Investors adjust 2024 monetary easing outlooks for Fed, ECB

(MENAFN) Investors are adjusting their expectations for the extent of monetary easing anticipated from the Federal Reserve and the European Central bank (ECB) in 2024. Approximately 60 percent of traders, according to CME Group's FeedWatch service, are now expecting a decline in interest rates by March 2024, reflecting a growing belief among policymakers that they may have sufficiently tightened policies to steer inflation back to target rates.

For the Federal Reserve, projections suggest that the central bank may initiate the first steps to cut rates in May 2024, with an anticipated reduction of 125 basis points. The upcoming Federal Reserve meeting on December 12 and 13 is expected to leave interest rates unchanged, reinforcing the market sentiment that the U.S. central bank has concluded its cycle of interest rate hikes. While Federal Reserve Chairman Jerome Powell has cautioned against premature expectations of rate cuts, some market analysts interpret his use of the term "balanced" as an indication that the Fed is content with the current trajectory and has no immediate plans for further rate increases. This perspective aligns with the market sentiment that the Fed has completed its interest rate hike cycle, having witnessed a substantial increase from near-zero levels in March 2022 to over 5 percent by July 2023.

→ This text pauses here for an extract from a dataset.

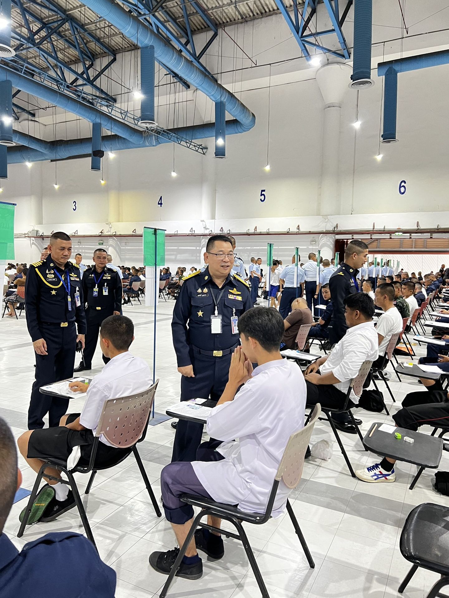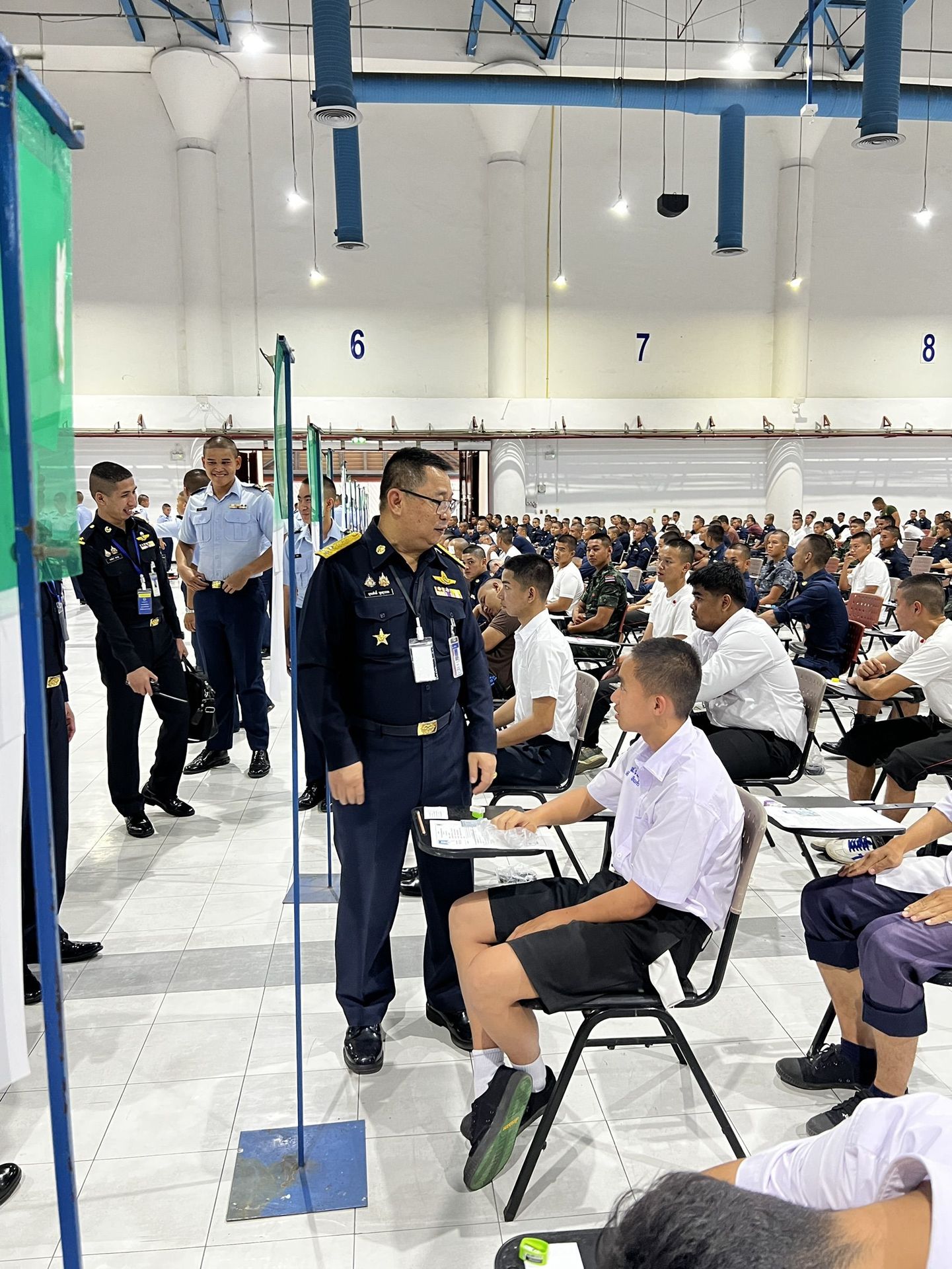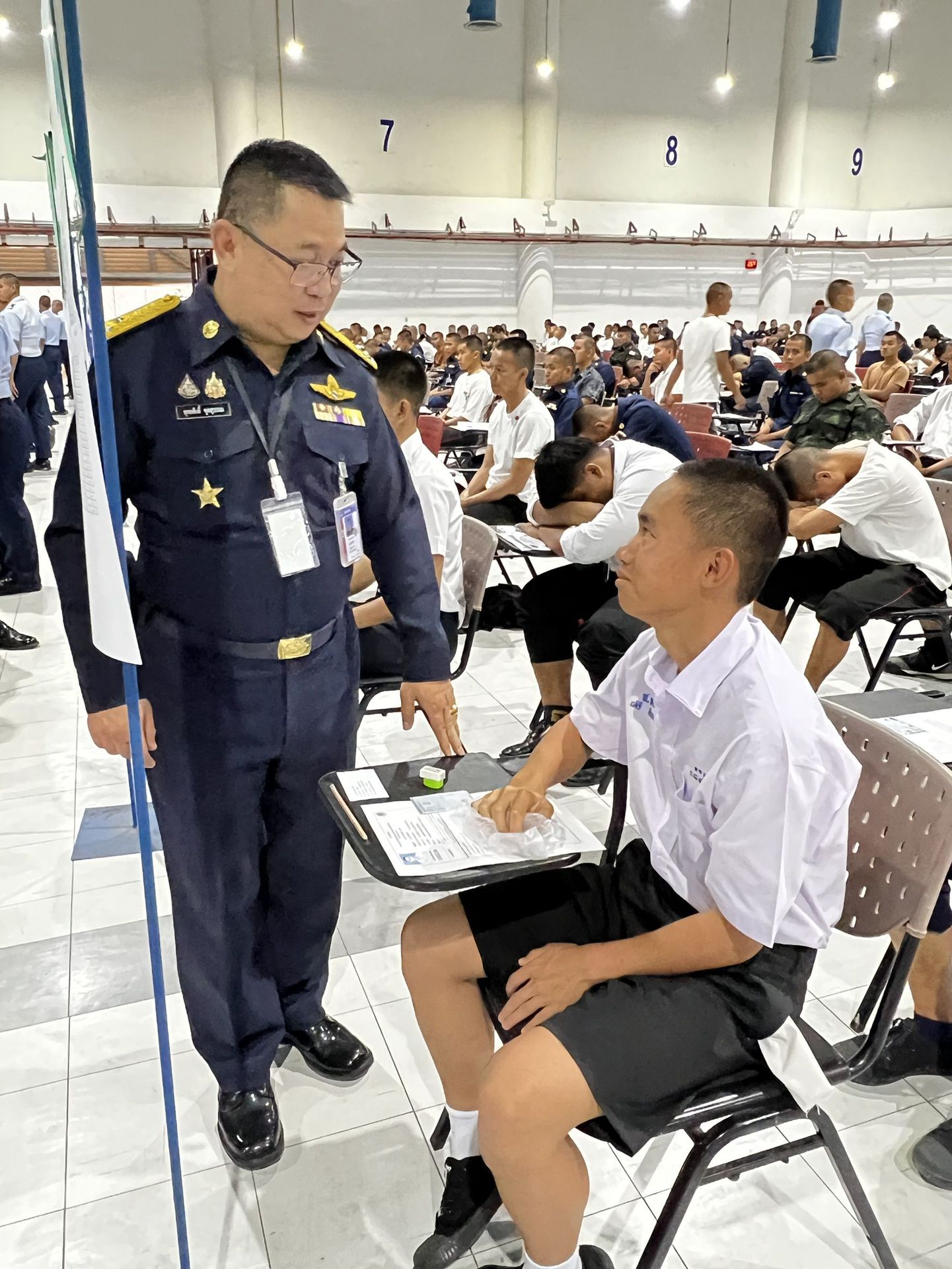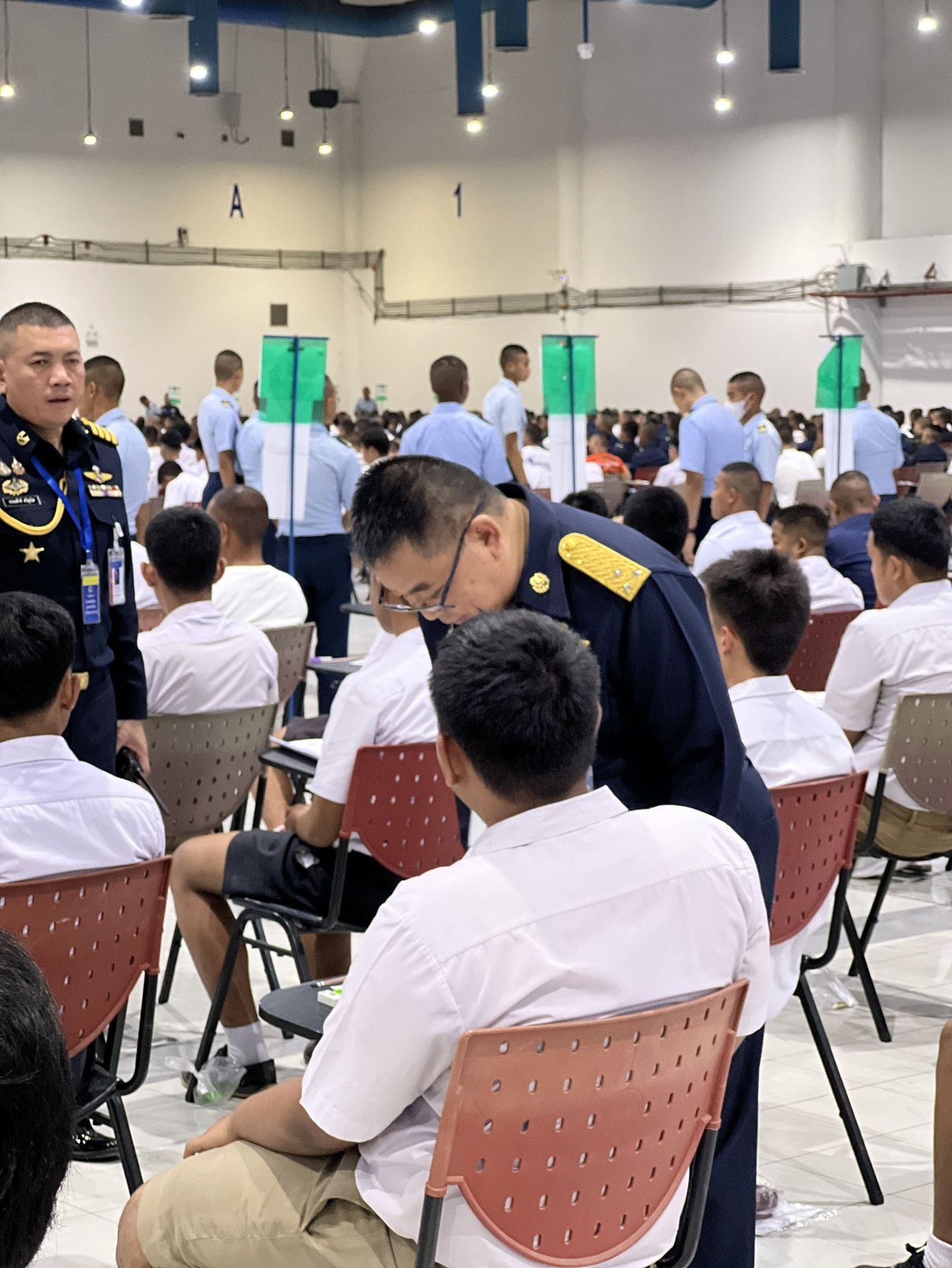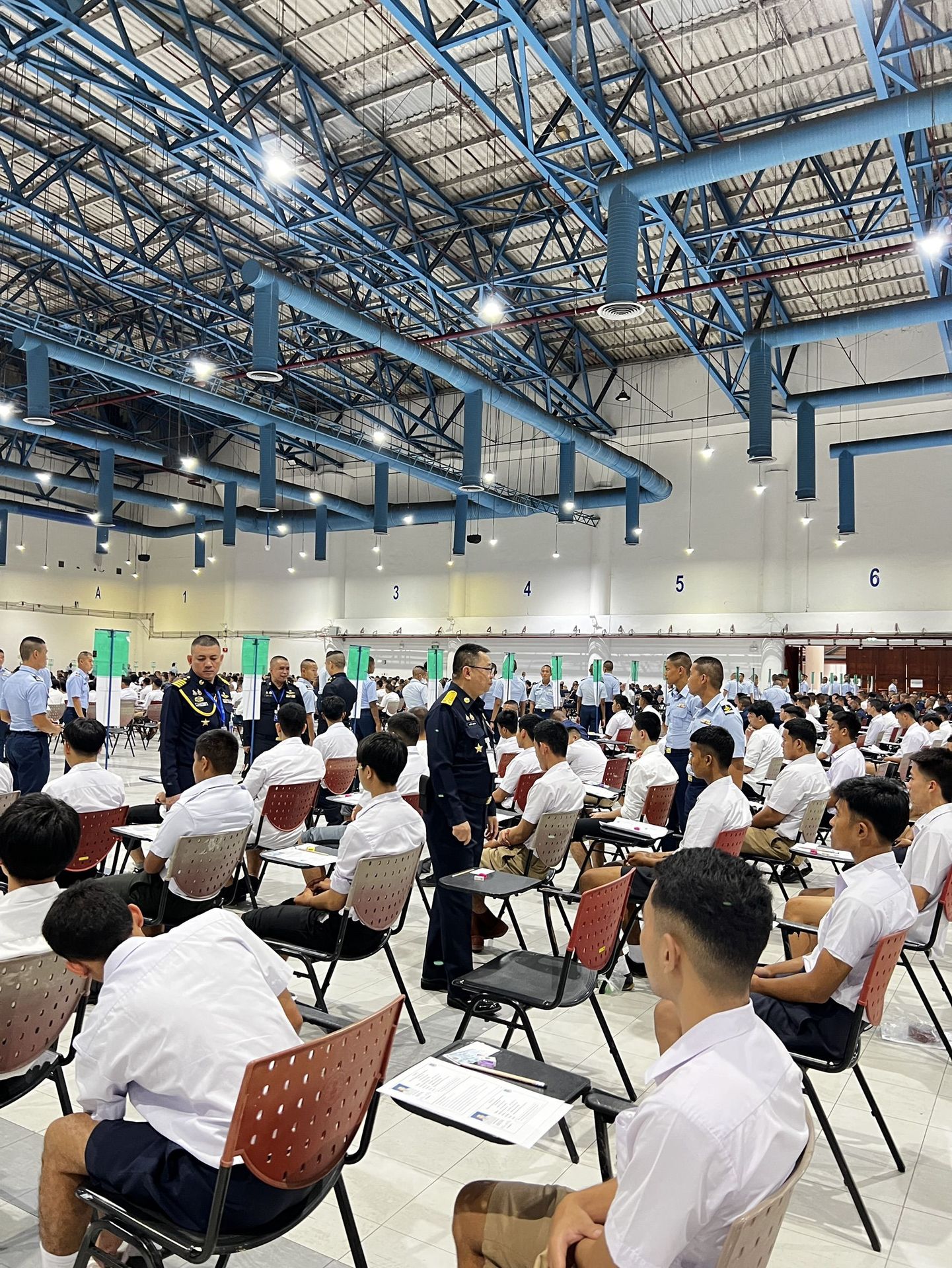 พลอากาศโท วิษณุ เนียมคำ รองเสนาธิการทหารอากาศ (สายงานกำลังพล) คณะกรรมการสอบคัดเลือกบุคคลเข้าเป็นนักเรียนจ่าอากาศ ประจำปีการศึกษา ๒๕๖๙ และ พลอากาศโท ยุทธศักดิ์ พูลสุวรรณ เจ้ากรมยุทธศึกษาทหารอากาศ ตรวจความเรียบร้อยการสอบภาควิชาการ และให้กำลังใจเจ้าหน้าที่ผู้ปฏิบัติงานในการควบคุมการสอบภาควิชาการให้เป็นไปด้วยความเรียบร้อย เมื่อวัน อาทิตย์ที่ ๑๕ กุมภาพันธ์ ๒๕๖๙ ณ ศูนย์สอบมหาวิทยาลัยธรรมศาสตร์ (ศูนย์รังสิต)

Turning to the European Central Bank, markets are pricing in the possibility of six interest rate cuts, each by a quarter of a percentage point, in 2024. This move would reduce the key interest rate by 150 basis points to 2.5 percent. The likelihood of the monetary easing cycle commencing in the first quarter of 2024 has increased to approximately 90 percent, a scenario that appeared unlikely just three weeks ago. While policymakers express ongoing concerns about inflation, they also acknowledge that there may be no necessity to further raise interest rates beyond 4 percent. The European Central Bank's recent decision to raise interest rates by a quarter of a percentage point to 4 percent, marking the tenth consecutive increase since July 2022, aimed at curbing inflation to its highest level since the introduction of the euro in 1999. However, experts suggested that this increase might be the last for the time being.

If market predictions materialize, the ECB could be the first among major central banks to implement interest rate cuts in 2024, initiating a potentially more aggressive easing cycle. The evolving sentiments in the financial markets underscore the delicate balance central banks are navigating as they address inflation concerns while managing economic stability.